[TASK STATEMENT] Transcribe every entry that follows exactly, omitting all pictures.

[Items from a data source]
☆ ☆ ☆ ☆

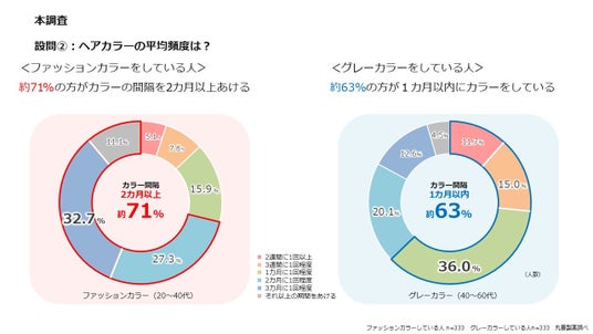 ファッションカラーをしているグループでは2カ月以上に1回の頻度が約71%との回答に対して、グレーカラーをしているグループでは1カ月以内に1回の頻度でカラーするとの回答が約63%となりました。
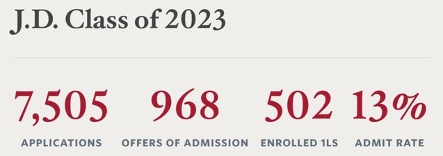 哈佛大學(xué)法學(xué)院創(chuàng)立于1817年,是美國最古老的法學(xué)院。J.D(Doctor of Jurisprudence)學(xué)習(xí)項目系以提供三年美國基礎(chǔ)法學(xué)教育為目的,申請者必須具有學(xué)士以上的學(xué)位,原則上不具有法律背景,并以美國學(xué)生為絕大多數(shù),少數(shù)非美國籍者。本次申請季共有7505個申請者,錄取率僅為13%,其中非美國籍國際學(xué)生僅有17位錄取者。
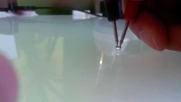 En el plomo de cada LED que necesita soldar 2 cables. Ser rápido con la pistola de soldar los LEDs son pequeños y si esperas demasiado tiempo se queman. Si usted no parece manejar un empalme y los segundos son TIC-TAC, parada el esfuerzo deje enfriar el led abajo y continúan. Pero también, quemar un par de los LEDs no es tal molestia. como usted puede cortar y pegar los nuevos. De acrílico raspar con un cuchillo o una dremel y pegue una nueva.
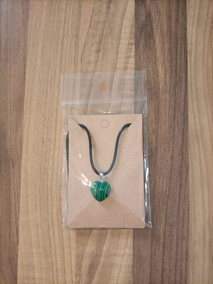 Collier neuf coeur pierre noire et verte - photo numéro 1
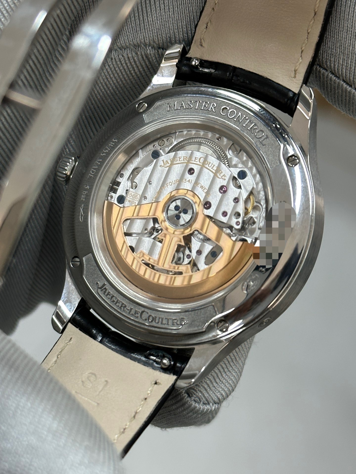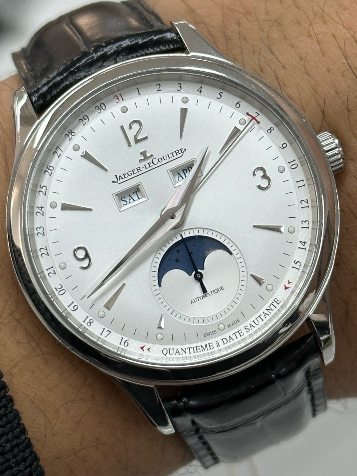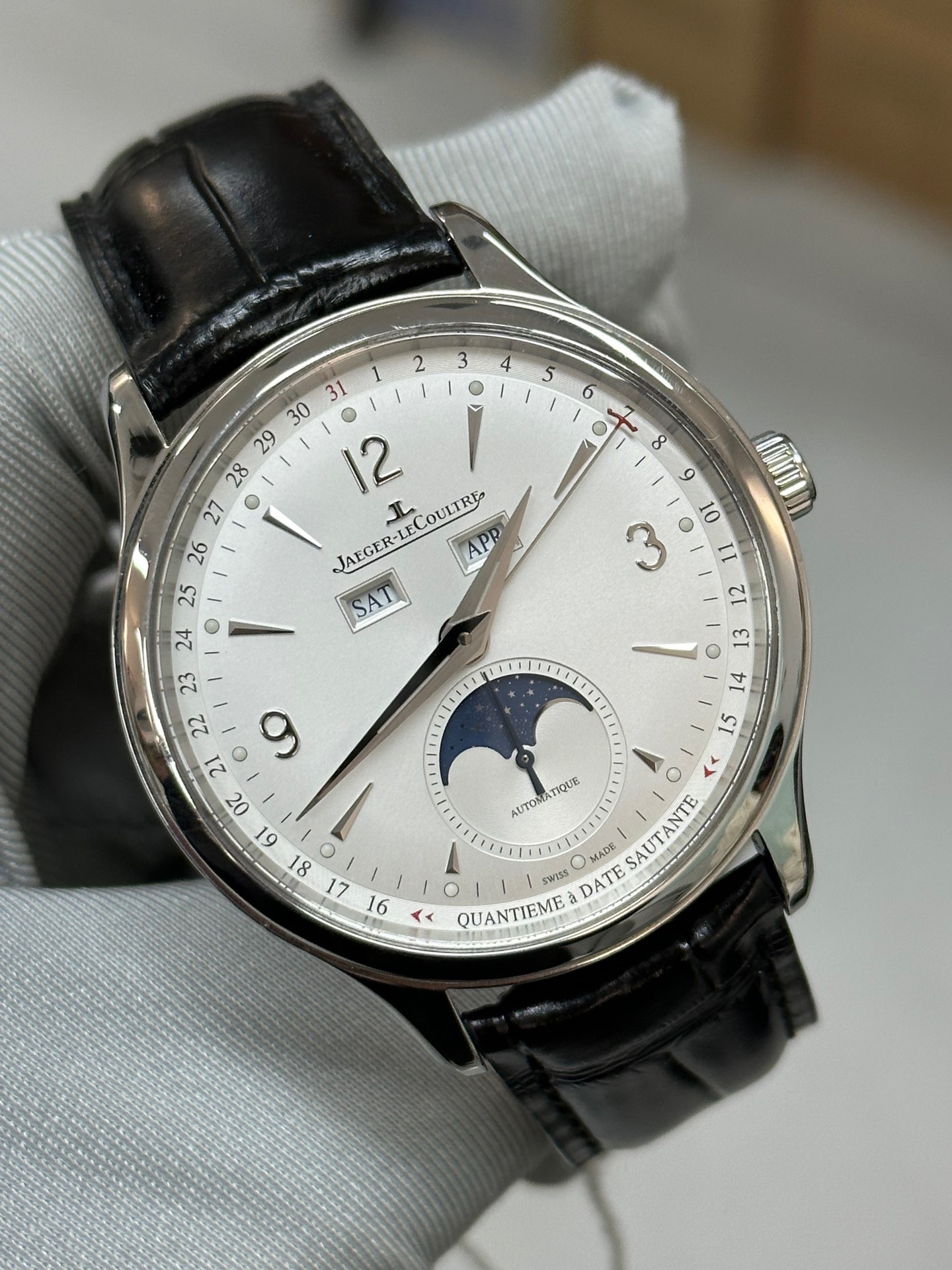 全套积家大师系列 型号:4148420男士自动机械腕表 经典大师全历月相,表径40mm 白色表盘,银色刻度指针,复杂功能全历显示,6点位超美星空月相 折叠表扣 公价113000 现好价

☆ ☆ ☆ ☆

[EXERCISE RESULT]
 ファッションカラーをしているグループでは2カ月以上に1回の頻度が約71%との回答に対して、グレーカラーをしているグループでは1カ月以内に1回の頻度でカラーするとの回答が約63%となりました。
 哈佛大學(xué)法學(xué)院創(chuàng)立于1817年,是美國最古老的法學(xué)院。J.D(Doctor of Jurisprudence)學(xué)習(xí)項目系以提供三年美國基礎(chǔ)法學(xué)教育為目的,申請者必須具有學(xué)士以上的學(xué)位,原則上不具有法律背景,并以美國學(xué)生為絕大多數(shù),少數(shù)非美國籍者。本次申請季共有7505個申請者,錄取率僅為13%,其中非美國籍國際學(xué)生僅有17位錄取者。
 En el plomo de cada LED que necesita soldar 2 cables. Ser rápido con la pistola de soldar los LEDs son pequeños y si esperas demasiado tiempo se queman. Si usted no parece manejar un empalme y los segundos son TIC-TAC, parada el esfuerzo deje enfriar el led abajo y continúan. Pero también, quemar un par de los LEDs no es tal molestia. como usted puede cortar y pegar los nuevos. De acrílico raspar con un cuchillo o una dremel y pegue una nueva.
 Collier neuf coeur pierre noire et verte - photo numéro 1
 全套积家大师系列 型号:4148420男士自动机械腕表 经典大师全历月相,表径40mm 白色表盘,银色刻度指针,复杂功能全历显示,6点位超美星空月相 折叠表扣 公价113000 现好价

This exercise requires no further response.